Könnte Einwanderung den Engpass beseitigen?

Das sehe ich kritisch. Wir können nicht jedes Jahr viele Millionen Euro in Entwicklungshilfe investieren und den Ländern dann die Eliten abwerben, das ist unmoralisch. Außerdem dürfte das mit hohen Steuern und ohne Wohnraum schwer funktionieren. Wir müssen mit Künstlicher Intelligenz und anderen Technologien versuchen, mit weniger Arbeitskräften auszukommen. Wir sind eines der am dichtesten bevölkerten Länder Europas. Wenn die Bevölkerung sich etwas reduziert, würde das nicht schaden. Im Übrigen wäre es wichtiger, Deutschland so attraktiv zu machen, dass die hier ausgebildeten Wissenschaftler und Fachkräfte in Deutschland bleiben und nicht in andere Länder mit dem hier erworbenen Know-how zur Unternehmensgründung abwandern, weil unsere Bürokratie und unsere Steuern sie abschrecken. Wenn schon die eigenen Leute abwandern, wie soll man aus dem Ausland Spitzenleute anwerben?

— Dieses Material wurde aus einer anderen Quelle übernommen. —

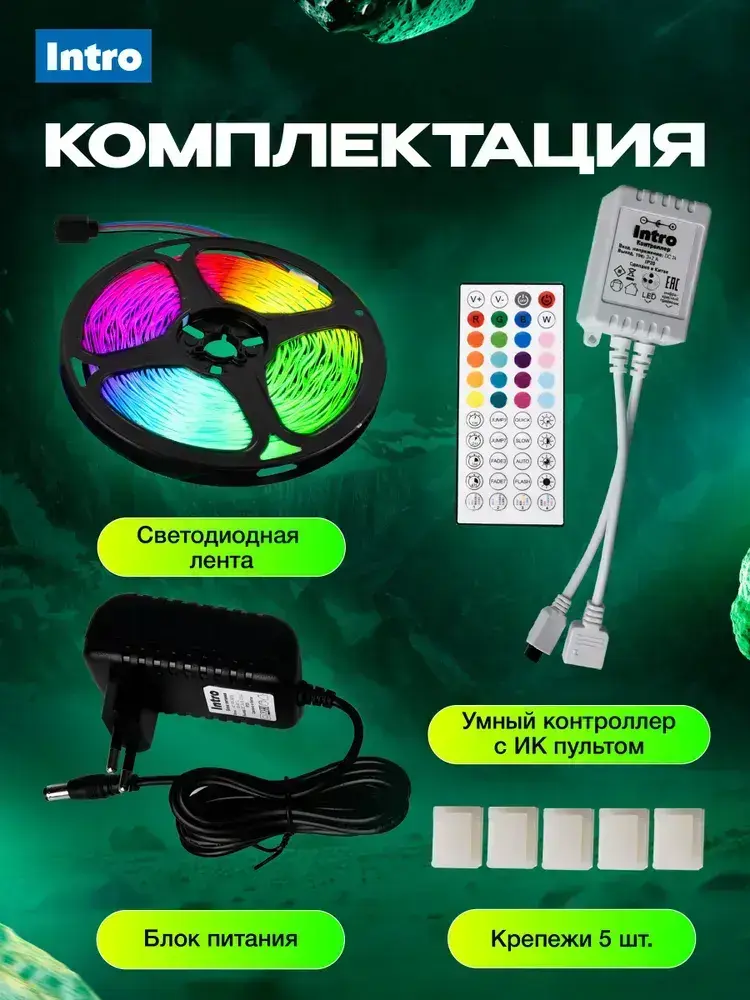 Светодиодная лента RGB 24 В ЭРА 5050Kit умная с пультом и блоком питания, 15 м, 12 Вт

Ein anderes Thema: Die Energiepreise sind deutlich gefallen seit diesem Winter. Atmen die Familienunternehmen auf?

Das ist natürlich hilfreich, aber die Preise sind nur etwas gesunken, mit Betonung auf etwas. Im internationalen Vergleich sind die Preise immer noch extrem hoch.

Die Bundesregierung will energieintensive Betriebe mit einem Industriestrompreis subventionieren. Was halten Sie davon?

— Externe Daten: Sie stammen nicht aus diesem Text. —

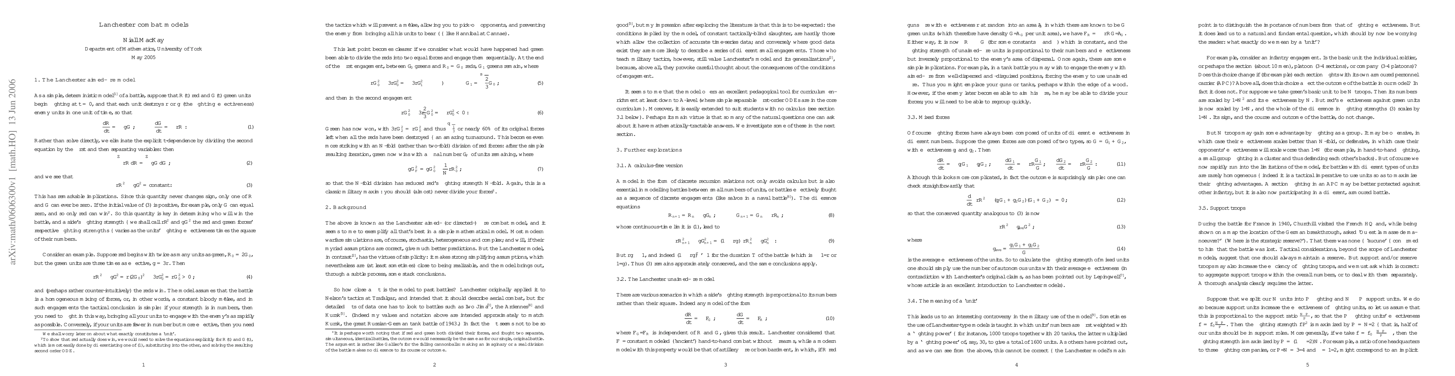 This paper explores Lanchester combat models, providing an overview of their pedagogical possibilities and introducing various extensions to the basic aimed-fire model. It highlights key topics such as unaimed-fire, mixed forces, and asymmetric models, with implications for understanding combat dynamics.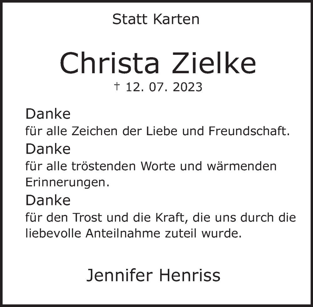 Hier finden Sie alle Traueranzeigen aus der Zeitung, die bisher für Christa Zielke erschienen sind. Weitere Traueranzeigen, die in der Zeitung erscheinen, werden hier ebenfalls aufgelistet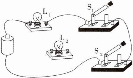 8. 完成电路的连接,要求两灯并联$,S_1$控制$L_1,S_2$在干路。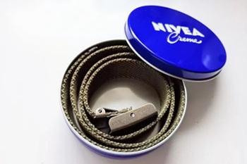 たとえば女性用の細いベルトなら、ちょうど1本が青缶の中にすっぽり収まります。缶が保護してくれるため、たんすの引き出しに入れても型崩れしません。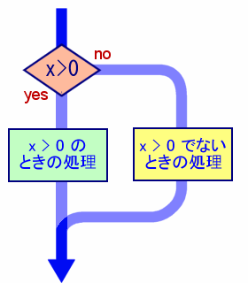 if ( x > 0 ){ x > 0 のときの処理; } else { x > 0 でないときの処理; }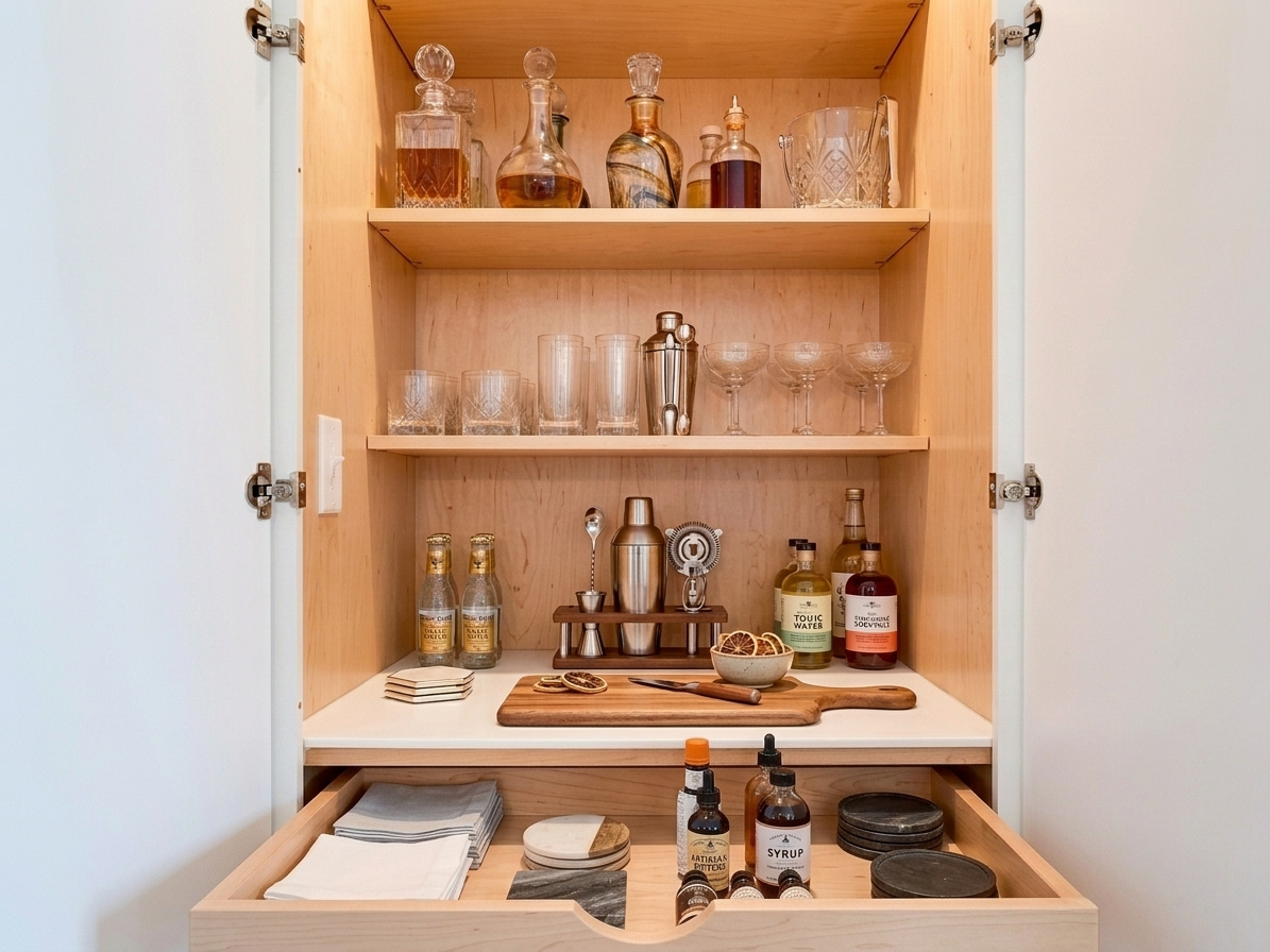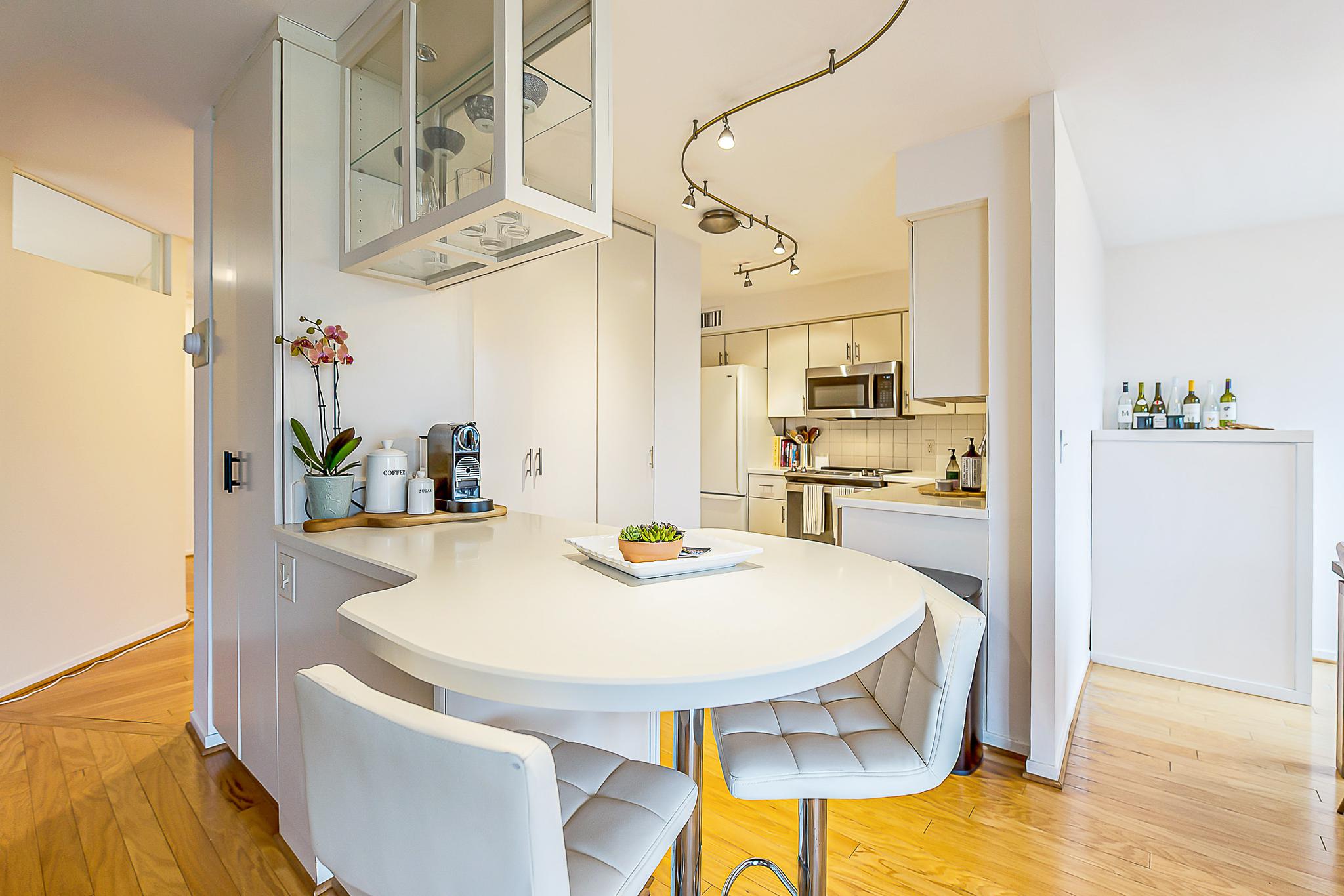 The bright, open renovated kitchen is beautifully crafted with painted solid wood cabinets, sleek Corian countertops, a tile backsplash, and under-cabinet lighting. You will love the deluxe pantry with pull-out organizers and the clever peninsula topped with glass-door display cabinets.

Das ist hochgefährlich. Großbetriebe dürfen nicht mit den Steuergeldern des Mittelstands finanziert werden, damit töten sie den Mittelstand. Wichtig ist, dass zügig die Erneuerbaren Energien ausgebaut und Speicherkapazitäten geschaffen werden. Außerdem sollte der Fokus auf Technologiefreiheit liegen. Obwohl die Atomkraftwerke in Deutschland als die besten der Welt galten, wurden sie abgeschaltet.

Versuchen die Unternehmen, sich selbst zu helfen?

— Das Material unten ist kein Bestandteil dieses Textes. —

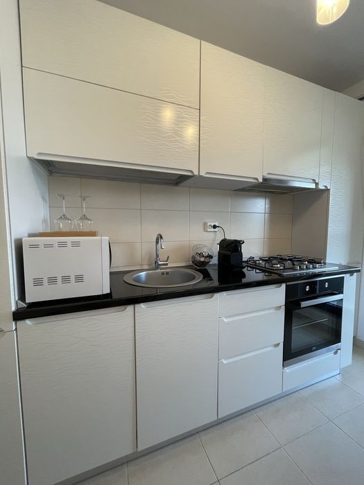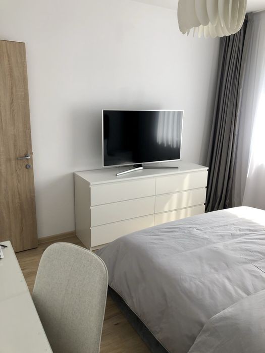 Vand apartament superb de 2 camere in Complexul Greenfield, cu vedere spre Pădurea Băneasa. Apartamentul este complet mobilat şi utilat, are o bucatarie închisă şi o terasa generoasa. Dispune de: centrală proprie, masina de spălat, frigider, TV, masina de spalat vase, espressor de cafea, aragaz, cuptor, cuptor cu microunde, fier de calcat, mobilier birou, mobilier terasa, copertina etc. Imobilul este dotat cu încălzire in pardoseala, numeroase spaţii de depozitare (printre care 2 dressinguri foarte mari), lift si un LOC DE PARCARE. Cheltuielile de întreţinere sunt mici.

Absolut. Ich habe selber die Kapazität, mit einer geplanten Solaranlage zwischen fünf und zehn Megawatt an private Unternehmen zu verkaufen und den Strompreis auf Jahre zu garantieren. Mit dem Bau könnte ich morgen beginnen, es scheitert derzeit aber an der Bürokratie. Auf die notwendige Netzprüfung müssen Unternehmer bis zu einem halben Jahr wartenund sie wird erst bei Vorlage eines fertigen Bauplans genehmigt. Dieser Plan kostet mich aber 50 000 Euro – und auch dann weiß ich nicht, ob die Anlage überhaupt gestattet wird. Aber selbst wenn, hilft uns das wenig, wenn wir Strom nicht speichern können.

Entsprechende Großprojekte sind aufwendig.

Wir haben den Platz. Ein Beispiel: Auf dem dem Gelände des stillgelegten Atomkraftwerks Kalkar steht heute ein Freizeitpark – wissen wir denn damit nichts besseres zu tun? Das Fraunhofer-Institut hat ermittelt, dass die Standorte der AKW sehr attraktiv wären, um dort Energiespeicher zu errichten, in welcher Form auch immer. Dort haben Sie die Flächen, die Netzinfrastruktur und die Flächenwidmung. Aber da fehlt der politische Fokus.